Opinion
No. 4D16–4311
03-14-2018
Douglas H. Stein of Association Law Group, P.L., Miami, for appellant. Marlene S. Reiss, Miami, and Thomas J. Wenzel of Cindy A. Goldstein, P.A., Coral Springs, for appellee.
Douglas H. Stein of Association Law Group, P.L., Miami, for appellant.
Marlene S. Reiss, Miami, and Thomas J. Wenzel of Cindy A. Goldstein, P.A., Coral Springs, for appellee.
Kuntz, J.We are presented with the following question, certified by the county court to be of great public importance:
PURSUANT TO FLA. STAT. § 627.739, IS AN INSURER REQUIRED TO APPLY THE DEDUCTIBLE TO 100% OF AN INSURED'S EXPENSES AND LOSSES PRIOR TO APPLYING ANY PERMISSIVE FEE SCHEDULE PAYMENT LIMITATION FOUND IN § 627.736(5)(A)(1), FLA. STAT. (2013)?
We rephrase the certified question as follows:
PURSUANT TO SECTIONS 627.736 AND 627.739, FLORIDA STATUTES (2013), IS AN INSURER REQUIRED TO APPLY A POLICY DEDUCTIBLE TO THE TOTAL AMOUNT OF A PROVIDER'S INVOICES TO AN INSURED PRIOR TO APPLYING ANY FEE SCHEDULE FOUND IN § 627.736, FLA. STAT.?
For the reasons explained in our opinion in State Farm Mutual Automobile Insurance Co. v. Care Wellness Center, LLC a/a/o Bardon–Diaz , No. 4D16–2254, ––– So.3d ––––, 2018 WL 1315026 (Fla. 4th DCA Mar. 14, 2018), also issued today, we answer the rephrased certified question in the negative, reverse the county court's summary judgment, and remand for further proceedings consistent with our opinion in case number 4D16–2254. We also certify conflict with Progressive Select Insurance Co. v.

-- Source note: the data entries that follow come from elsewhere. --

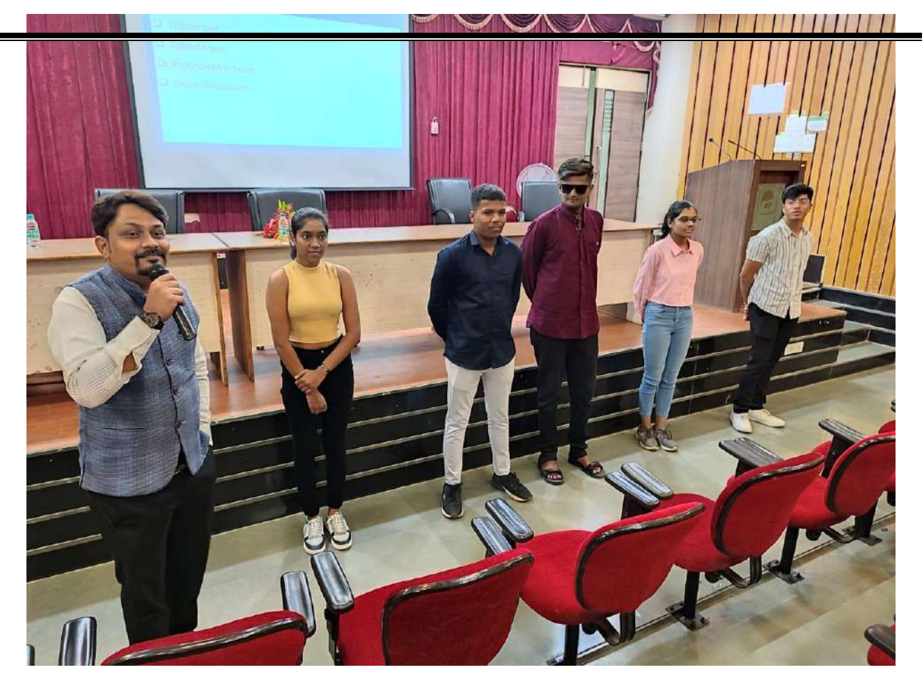
Students Participated in the session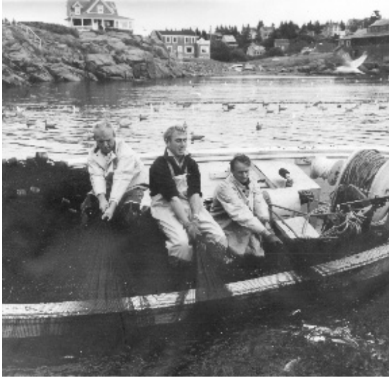
Preserving Maine's Sea Fishereis. Story on p. 3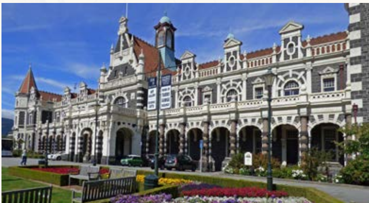
Dunedin Railway Station

Join us on this 10-night, custom-designed itinerary and circumnavigate the South Island of New Zealand to experience inimitable natural wonders that exist nowhere else on Earth. Cruise through the breathtaking scenery of the South Island for seven nights aboard the exclusively chartered, Five-Star LE LAPÉROUSE—featuring only 92 Suites and Staterooms, each with a private balcony, and the extraordinary Blue Eye , the world's first luxury, underwater Observation Lounge. Spend three nights in Auckland including an adventure to the Northland country to learn more about the important national tradition of sheep farming. Experience the genuinely friendly nature of New Zealand “Kiwis” and the rich culture of the indigenous Māori people. Cruise pristine Queen Charlotte Sound and visit the world-famous Marlborough wine region for a specially arranged tasting. Tour charming Christchurch, where English influence persists in Victorian architecture. Choose to extend your journey with our exclusive Pre-Program Option in Sydney, Australia, and Post-Program Option in Mt. Cook and Queenstown, New Zealand.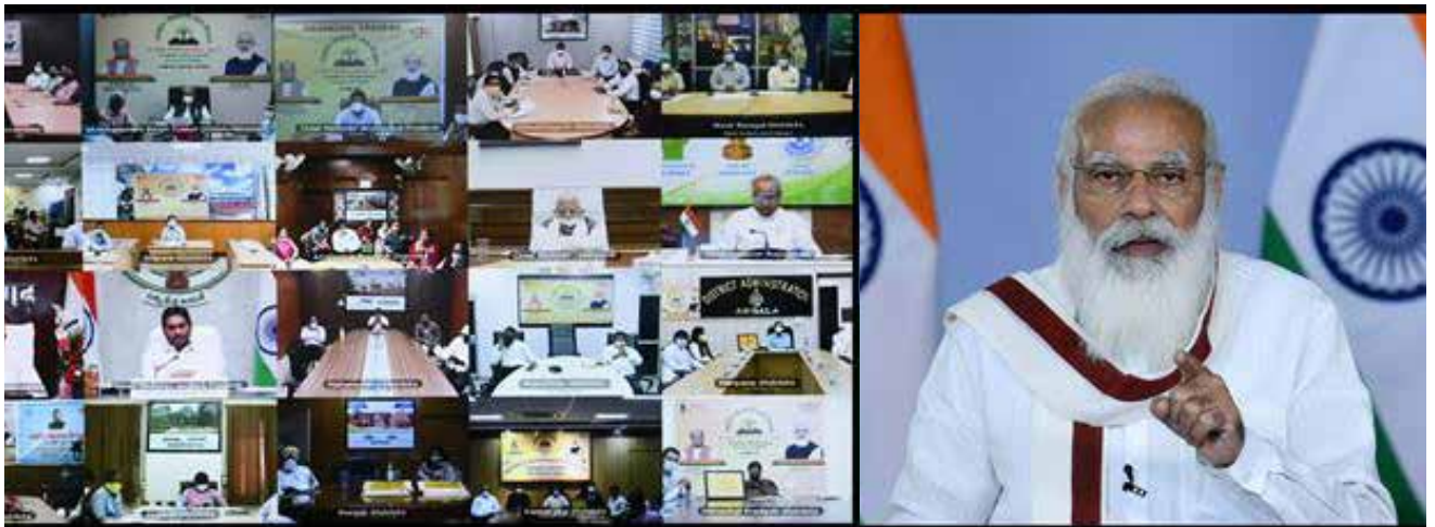
Prime Minister Shri Narendra Modi addresses on the occasion of the National Panchayati Raj Day 2021, through video conferencing in New Delhi.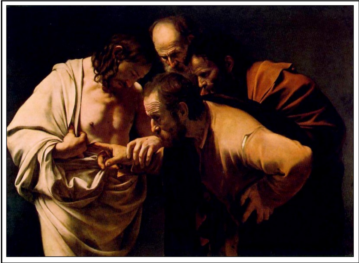
THE INCREDULITY OF SAINT THOMAS Oil painting by Michelangelo Merisi da Caravaggio ~ 1602-1602 Sanssouci Picture Gallery ~ Postdam, Germany

EXPLORING THE BEAUTY & TRADITION OF SACRED ART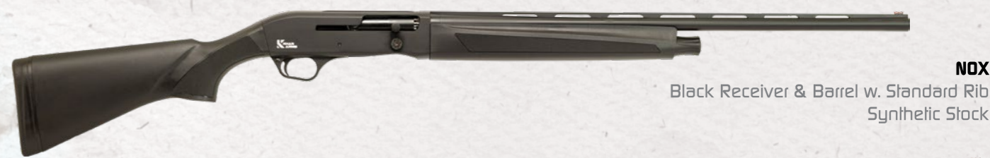
NOX Black Receiver & Barrel w. Standard Rib Synthetic Stock

COMPETITORS are also kinetic system shotguns, with different recoil pad designs and materials)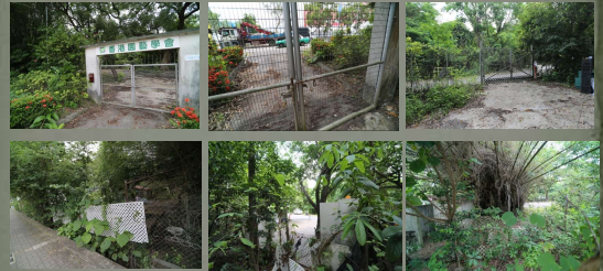
會址已使用多年大部份設施變得陳舊 The Club House has been used for years and most of the facilities become obsolete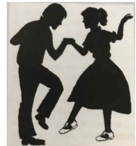
Twist and Shout for Kappa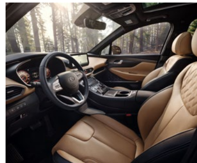
Available 8-way power-adjustable driver's seat with lumbar support and power thigh extension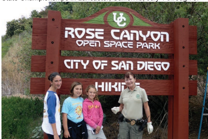
Girl Scouts Refresh Rose Canyon Open Space Park Sign

Both UC Del Sol 10U and 12U teams later went on to win the District Championships. Good luck to the girls as they head for the State Championships in Lancaster, California, July 1 through 3.

Florida Hospital Medical Center a/a/o Jonathan Parent , 236 So.3d 1183, 2018 WL 792012 (Fla. 5th DCA Feb. 9, 2018).
Reversed and remanded; conflict certified.
Forst, J., concurs.
Gross, J., dissents with opinion.
Gross, J., dissenting.
I dissent for the reasons set forth in my dissent to the Court's opinion in USAA Gen. Indem. Co. v. Gogan a/a/o Tara Ricks , No. 4D16–3313, 238 So.3d 937, 2018 WL 1315053 (Fla. 4th DCA Mar. 14, 2018).